Ganimet aldığınız şeylerden beşte biri;
ALLAH'ındır
ve Rasulünündür
ve kurb sahiblerinindir
ve yetimlerindir
ve miskinlerindir
ve sebil çocuklarınındır (yolcu).
ALLAH herşeye kadirdir.

8. ENFAL / 51

Bu, ellerinizle takdim ettikleriniz iledir.
Muhakkak ki ALLAH... abd olanlara zallam değildir.

9. TEVBE / 31

ALLAH'ın gayrısından...
habrları
ve ruhbanları
ve Meryem oğlu Mesih'i,
kendilerine rabb ittihaz ettiler.
Oysa onlara, ancak, vahid ilaha abd olmaları emir edilmişti.
O'ndan başka ilah yoktur!
O, onların şirk koştuklarından subhandır.

9. TEVBE / 104

Alim değiller mi ki…
muhakkak ki ALLAHO, kendisine ibadet edenlerden tevbe kabl eder ve sadakati ahz eder!
ve muhakkak ki ALLAHO, tevvabdır, rahimdir.

9. TEVBE / 112

Tevbe edenler,
ibadet edenler,
hamd edenler,
saih olanlar,
rüku edenler,
sacidler,
maruf'a amir olanlar,
ve münkeri nehy edenler…
ALLAH'ın hududuna hafız olanlardır.
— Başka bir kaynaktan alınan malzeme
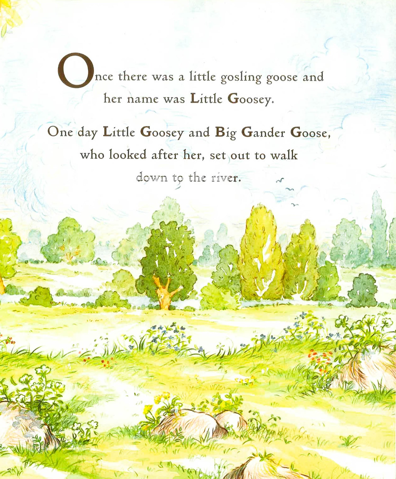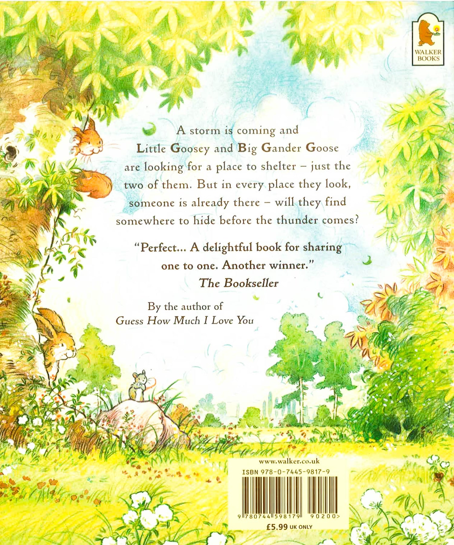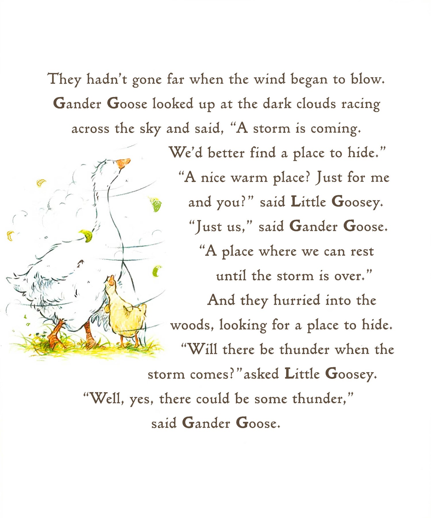Little Goosey and Big Gander Goose need a place to hide from the storm. But everywhere they look, someone else is there already. In the ditch there's a small greywhiskered mouse; among the roots of a tall tree is a squirrel; in the cave among the rocks is a rabbit...Little Goosey doesn't want to share. Will they ever find a place just for the two of them?

Mü'minleri ibşar et.

10. YUNUS / 3

Muhakkak sizin Rabbiniz...
semaları ve arzı altı yevmde halk eden…
sonra emri tedbir etmek üzere arşa istiva eden...
ALLAH'tır.
O'nun izni olmaksızın kimse şafi olamaz!

Böyledir!...
ALLAH, sizin Rabbinizdir... artık, O'na ibadet edin!
Artık, tezekkür etmez misiniz!?

10. YUNUS / 18

Kendilerine darr ve de menfaat etmeyen, ALLAH'ın gayrısından şeylere abd oluyorlar.
Diyorlar ki:
"Bunlar, ALLAH indinde bizim şefaatçimizdir."
De ki:
"Siz, ALLAH'a semalarda ve arzda, O'nun alim olmadığı bir şeyi mi haber veriyorsunuz!
O, onların şirk koştukları şeylerden subhandır, tealidir."

10. YUNUS / 28

Onları cemian haşr edeceğimiz… sonra, şirk koşanlara "Siz ve şerikleriniz mekanlarınıza!" diyeceğimiz... ve ardından aralarını zeyl edeceğimiz yevmde…
şirk koştuklarınız derler ki:
"Siz yalnızca bize abd olan değilsiniz!"

10. YUNUS / 29

"Artık... biz, sizin ibadetinizden kesinlikle gafil olursak… sizin ve bizim aramızda şahid olarak ALLAH'a kafidir."

10. YUNUS / 104

De ki:
"Ey nas!
Eğer dinimden şekk içindeyseniz… artık, ALLAH'ın gayrısında sizin abd olduklarınıza ben abd olmam! Fakat sizi vefat ettirecek olan ALLAH'a abd olurum.
Bana mü'minlerden olmam emir olundu!"

10. YUNUS / 107

ALLAH,
Eğer sana darr ile mess ederse… artık ona O'ndan başka kaşif yoktur!
Eğer sana hayr irade ederse... artık O'nun fazlına redd olunamaz!
Kendisine ibadet edenlerden dilediğine bunlar ile isabet eder.
O gafurdur, rahimdir.

11. HUD / 1-2

Elif. Lam. Ra.
Kitab!...
Ayetleri tahkim edilmiştir!
Sonra, hakim, habir LEDUNDAN tafsilatlandırılmıştır.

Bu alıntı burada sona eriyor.